One reason for the losses probably was Tuesday’s drop in bond yields. Bank stocks often have been trading in the opposite direction of bond yields, and the yield on the 10-year Treasury note fell to 2.32% from 2.38%. Yields on two-year and 30year Treasurys also sank.

Another reason may lie in how well bank stocks had been performing in the months earlier: Financial stocks in the S&P 500 jumped 17% in the two months after the election.

“Stocks that have been strong are pulling back a little bit, and investors are putting money into some of the laggards,” said Mike Barclay of Columbia Threadneed­le Investment­s.
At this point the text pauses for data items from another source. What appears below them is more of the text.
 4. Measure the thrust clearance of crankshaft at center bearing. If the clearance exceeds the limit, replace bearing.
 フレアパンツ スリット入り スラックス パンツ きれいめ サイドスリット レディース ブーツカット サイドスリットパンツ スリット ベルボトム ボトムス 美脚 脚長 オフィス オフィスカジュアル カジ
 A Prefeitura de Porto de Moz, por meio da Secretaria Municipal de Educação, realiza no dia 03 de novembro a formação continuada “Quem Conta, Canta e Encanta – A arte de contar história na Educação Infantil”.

Firms that sell everyday items to consumers had the day’s biggest gains. Tobacco firm Reynolds American rose 3.1% to $57.68 after British American Tobacco said it would pay $59.64 per share in cash and stock to buy the 57.8% of Reynolds that it doesn’t already own.
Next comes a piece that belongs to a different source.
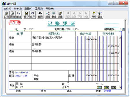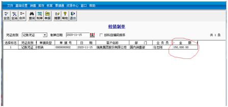(4)2020年11月15日,财务部收到瑞美公司转账支票一张,票号为ZP0115,金额为150000元。应收会计进行收款结算并核销应收。
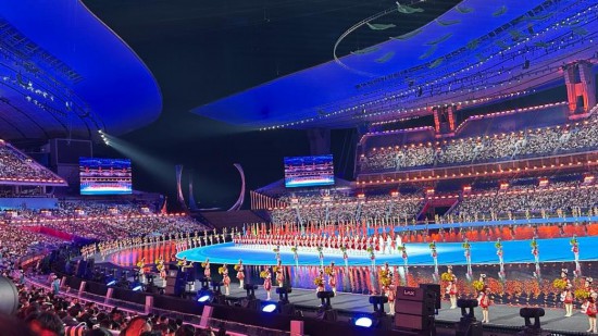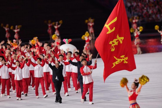 11月9日20时,中华人民共和国第十五届运动会开幕式在广东奥林匹克体育中心举行。各参赛代表团代表入场,山东省代表团亮相,获得掌声与欢呼。

Utility stocks, which have also lagged behind the overall the market since the election, did well, aided by the drop in Treasury yields. When bonds are paying less in interest, dividend-paying stocks become more attractive to investors who are seeking income.

NRG Energy rose 5.1% to $15.34 after an investment firm run by activist investor Paul Singer disclosed an ownership stake.

The biggest gain in the S&P 500 came from Noble Energy, which rose 7.1% to $40.05. The oil and gas company agreed to buy Clayton Williams Energy for $2.7 billion in stock and cash. Clayton Williams shares soared 39.7% to $145.25.

The dollar fell against most of its rivals, including the Japanese yen, the euro and the Canadian dollar. Its sharpest drop came against the British pound, which rallied after Britain’s prime minister gave a speech about the country’s pending exit from the European Union. One pound bought $1.2396, up from $1.2190 late Friday but still down more than 15% since June.

Benchmark U.S. crude oil rose 0.2% to $52.48 a barrel. Brent crude fell 0.7% to $55.47. Gold rose $16.70 to $1,212.90 per ounce. Silver rose 38 cents to $17.15 per ounce, and copper fell 1 cent to $2.63 per pound.